FED rescues AIG, Barclays buys Lehman U.S. unit
Nine o'Clock - 18 Septembrie 2008
U.S. authorities engineered an USD 85 bln rescue of insurance giant American International Group Inc, staving off bankruptcy and bringing a measure of calm to shell-shocked global markets. The bailout, made amid a cataclysmic week for the financial sector, marks a reversal of Washington's vow not to step in and calls for the U.S. Federal Reserve to lend up to USD 85 bln to AIG for two years in exchange for a 79.9 per cent equity stake.It came just two days after U.S. authorities refused to rescue investment bank Lehman Brothers Holdings Inc, forcing it into bankruptcy court despite pleas from Wall Street's chiefs. AIG's lifeline bought time for investors to digest an unprecedented run of events that has altered the shape of Wall Street, but did little ease a funding squeeze caused by the turmoil.

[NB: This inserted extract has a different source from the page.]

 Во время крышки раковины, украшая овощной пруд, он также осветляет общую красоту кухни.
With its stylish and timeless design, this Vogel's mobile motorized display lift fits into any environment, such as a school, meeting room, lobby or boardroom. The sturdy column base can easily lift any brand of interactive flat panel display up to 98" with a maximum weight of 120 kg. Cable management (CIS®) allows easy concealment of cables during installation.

"Thank God," exclaimed Daniel Fuss, an influential bond manager who oversees more than USD 100 bln at Loomis, Sayles & Co in Boston. "AIG is interwoven with so many people and touches many companies around the world. This is a huge relief to many parts of the financial markets." The Fed stepped in amid worries that a collapse of AIG could cause far-reaching damage to the global financial system, although some market players argued that the government's move brings just a short-term respite and could do long-term harm. European shares rose in early trade on Wednesday with banking stocks rebounding following hefty losses in the previous two sessions as AIG got an emergency rescue package from the Federal Reserve. "European financials should rally based on what the Federal Reserve did last night to rescue AIG. It looks like a better deal than expected," said Bernard McAlinden, market strategist at NCB Stockbrokers. Meanwhile the UK's biggest mortgage lender HBOS Plc and Lloyds TSB contemplated a merger which would reshape British banking. Shares in Britain's HBOS Plc were initially sharply lower for a sixth consecutive day on Wednesday, but recovered after a source familiar with the matter confirmed a reprt that it was in merger talks with Lloyds TSB. Also, oil rebounded yesterday after the USD 85 bln U.S. government rescue of insurer American International Group appeared to reassure global financial markets. U.S. light crude for October delivery was up USD 2.70 at USD 93.85 a barrel at 1044 GMT after a session high of USD 95.00.
"I think it was a flight of capital out of the futures markets and now we are coming back to fundamentals," said Simon Wardell of Global Insight in London. "I think a lot of that (investor) cash is out of commodities and will stay out," said Wardell. "We've had outages in the Gulf of Mexico, and I think a lot of that was overlooked," he said. Oil is down by more than a third from a record peak of USD 147.27 on July 11, partly due to a reduction in demand from top energy consumer the United States, where economic growth is flagging. The fall accelerated this week because of financial market fallout from the collapse of Lehman and AIG's troubles.
"Everyone feared there would be a big meltdown in the financial sector that would affect the economy. Now they are hoping we'll just get through the AIG situation and that may be lifting the market," said Anthony Nunan, a risk management executive at Tokyo-based Mitsubishi Corp. AIG's problems and Lehman Brothers' bankruptcy had triggered an investor flight to safe haven assets such as government bonds and gold. Gold climbed on Wednesday in line with a relief rally across the commodities spectrum after the rescue of AIG.